Task to carry out ->
Output the listing word for word, minus pictures.

Supplied data ->
--------------------
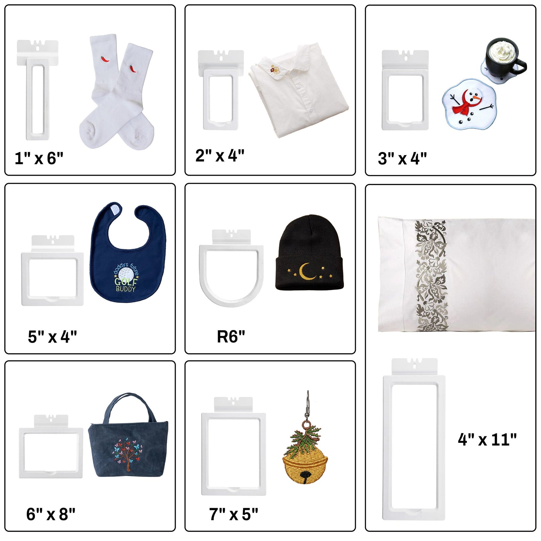 With the 8-in-1 magnetic embroidery hoop set, you can easily switch between 8 size hoops to meet your embroidery needs for different embroidery sizes and different fabric types, including socks, shorts, pockets, bags, T-shirts, etc.
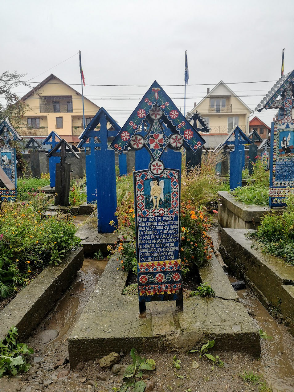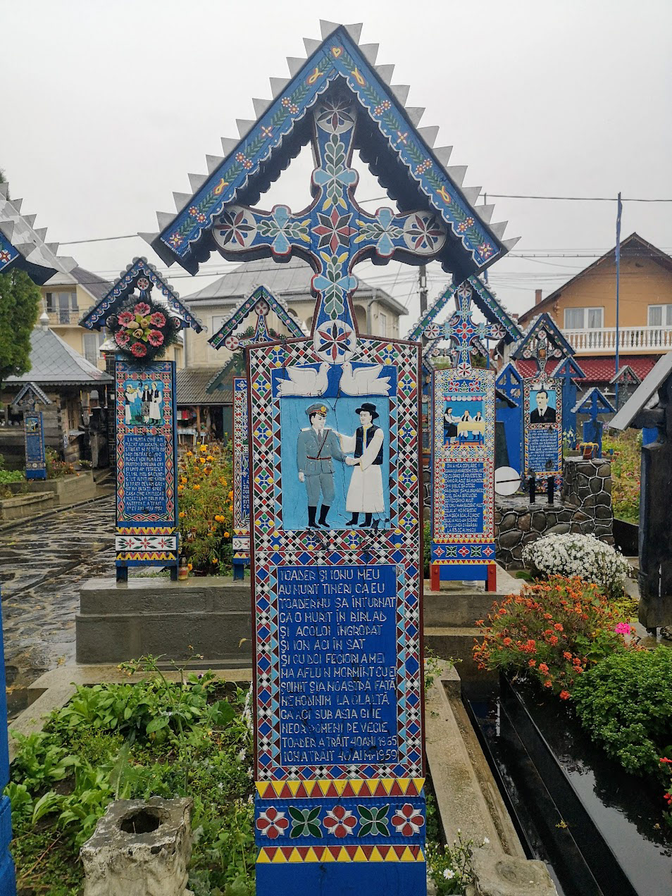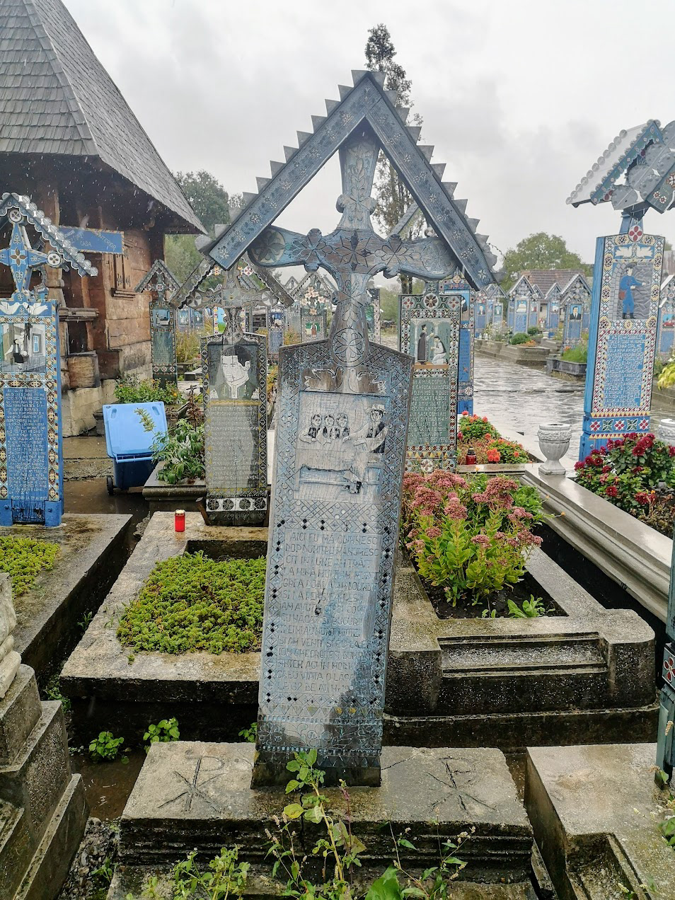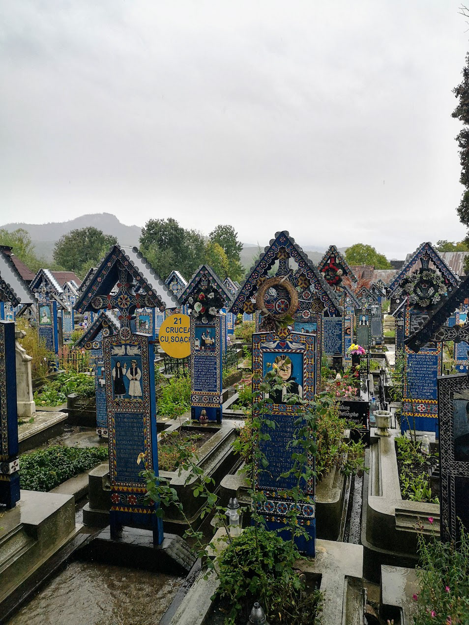 Odd place. The Merry Cemetery is filled with hand-carved wooden "tombstones" depicting humorous things about the deceased in each grave. there is also a huge traditional Romanian wooden church nearby.
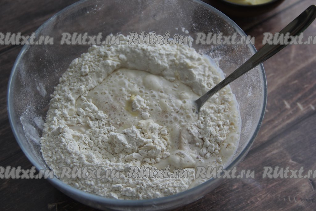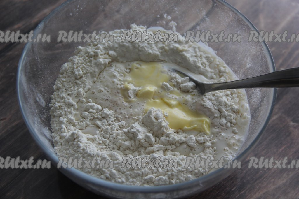 Добавить растопленное чуть тёплое сливочное масло, перемешать тесто вначале ложкой. А затем, когда начнёт формироваться ком, вымесить его руками, замешивая мягкое, нежное, не липнущее тесто.
--------------------
Answer section ->
 With the 8-in-1 magnetic embroidery hoop set, you can easily switch between 8 size hoops to meet your embroidery needs for different embroidery sizes and different fabric types, including socks, shorts, pockets, bags, T-shirts, etc.
 Odd place. The Merry Cemetery is filled with hand-carved wooden "tombstones" depicting humorous things about the deceased in each grave. there is also a huge traditional Romanian wooden church nearby.
 Добавить растопленное чуть тёплое сливочное масло, перемешать тесто вначале ложкой. А затем, когда начнёт формироваться ком, вымесить его руками, замешивая мягкое, нежное, не липнущее тесто.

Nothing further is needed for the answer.